Alzheimer’s disease may begin in a particularly vulnerable area of the brain and then further spread its damaging effects to other regions, according to a new study researchers conducted in mice.
The brain region, known as the entorhinal cortex, is part of a circuit that is crucial for memory. Researchers had previously suspected this region was affected early on in Alzheimer’s disease.
The new study suggests the plaques — called amyloid-beta peptides, which build up in the brains of patients with Alzheimer’s and damage memory — might spread to the rest of this brain from this region.
The finding could help researchers design new therapies for the disease, said study researcher Julie Harris, of the Gladstone Institute of Neurological Disease, in San Francisco.
“One could envision that targeting therapies to the entorhinal cortex early in the disease process could perhaps help stop spread of disease into other connected brain regions,” she said.
The entorhinal cortex is connected to another brain region called the hippocampus, and interference with this connection may contribute to the memory loss seen in the early stages of Alzheimer’s, the researchers found.
The proteins found in the brains of those affected with Alzheimer’s disease are made from a larger protein called the amyloid precursor protein, or APP. In the study, Harris and her colleagues used mice that had been genetically engineered to produce APP only in the entorhinal cortex. Previous studies have used mice that make APP throughout their brains, which has made it difficult to determine how different brain regions may contribute to the disease, she said.

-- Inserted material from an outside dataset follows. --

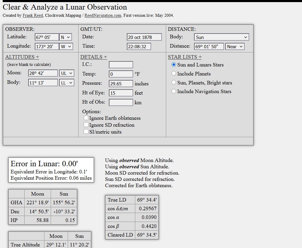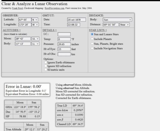 Lars, you mentioned using "contemporary methods" to work this lunar. We could consider that next, but it's tough to decide since in this late era, decades after lunars were "commonly" used at sea, the actual lunar clearing math would depend on the background and preferences of the navigators themselves. Did they have a copy of Norie's Navigator maybe? Was it a very recent edition because they wanted the latest and the best? Or might it have been the captain-navigator's copy from thirty years earlier, worn and beaten but trusted? In any case, I'm convinced it's a good idea to get the numbers right using modern tools first.

The mice showed impairments in learning and memory that were similar to the problems seen in mice that produce APP in many brain areas.
The mice also had deposits of amyloid-beta peptide in brain regions that receive input from the entorhinal cortex, Harris said.
The researchers, are planning to carry out future experiments to investigate how the disease progresses from the entorhinal cortex to other regions. And because the study was conducted in mice, further research needs to be done to determine if the results hold true for humans.
The study will be published in the Nov. 4 issue of the journal Neuron.